En África, y, sobre todo, en las selvas del Ituri, en el nordeste del Congo, viven los hombres más pequeños de la tierra, los pigmeos. Llevan una existencia muy primitiva, y para vivir se contentan con los productos de la caza y los recursos de la selva. Son nómadas y desconocen la agricultura y la cría de ganado. Algunos grupos ni siquiera conocen la existencia de los metales.

Definimos como pigmeo, a un grupo étnico que se caracteriza por tener en la edad adulta una estatura inferior al 1,50 m, piel muy oscura y cabello rizado, que constituyen rasgos hereditarios. Algunos grupos conservan su estilo tradicional de vida basado en la caza y la recolección, mientras que otros la han abandonado en favor de una existencia agrícola sedentaria.

pigmeos

En África viven numerosas tribus que difieren enormemente entre si, no sólo por la pigmentación de la piel, sino también por la estatura. Al lado de tipos muy altos como los batusis aparecen verdaderos enanos. Estos últimos viven en grupos reducidos en una zona que se extiende desde Camerún hasta África del Sur.

Los bosquimanos de África del Sur pertenecen a estos pueblos enanos. Sin embargo, los representantes más característicos viven en el Congo: los pigmeos. Pertenecen al tipo humano de más baja estatura del mundo: los hombres tienen una altura media de, aproximadamente, 1,50 m y las mujeres de 1,40 m.

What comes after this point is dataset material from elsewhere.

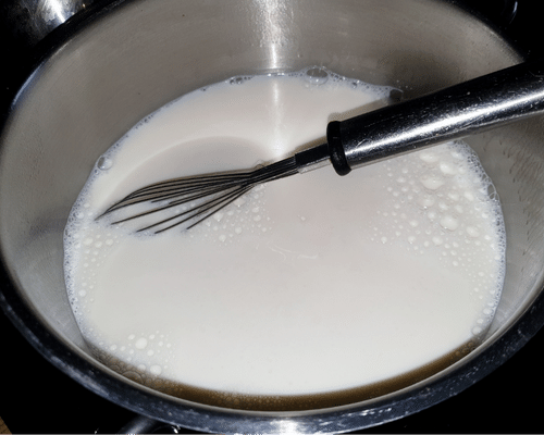 2. AdımSüt, şeker ve krema sos tenceresine alınır ve scald edlir.

Sin embargo, sería un error creer que los pigmeos son negros de baja estatura, pues además de ésta, entre los pigmeos y los negros de África existen otros puntos de diferencia. Por ejemplo, los pigmeos, por lo general, tienen la piel más clara, mientras que las proporciones de los miembros con respecto al tronco son distintas: los pigmeos tienen las piernas muy cortas.

Al principio, estos hombres pequeños se extendían por regiones más vastas de África, y el Egipto de los faraones sabía de su existencia. Incluso existe una escultura que demuestra que estaban al servicio de los faraones. Homero también habló de los pigmeos. Actualmente viven bajo la dependencia de los bantúes y sudaneses, cuya influencia acusan en el aspecto cultural y lingüístico. Ahora sólo ocupan el este del Congo y la cuenca central.

Los de la selva de Ituri, en el nordeste del Congo, parecen ser los que mejor han conservado el tipo primitivo. La zona ocupada por los pigmeos no es fácil de establecer: son un pueblo nómada. Por otra parte, existen grupos étnicos que están emparentados con ellos y que aparecen en otros lugares.

A través de los siglos, los pigmeos han sido progresivamente exterminados y rechazados a las regiones menos hospitalarias, es decir, la selva tropical. Allí llevan una existencia muy primitiva y subsisten gracias a los recursos de la selva.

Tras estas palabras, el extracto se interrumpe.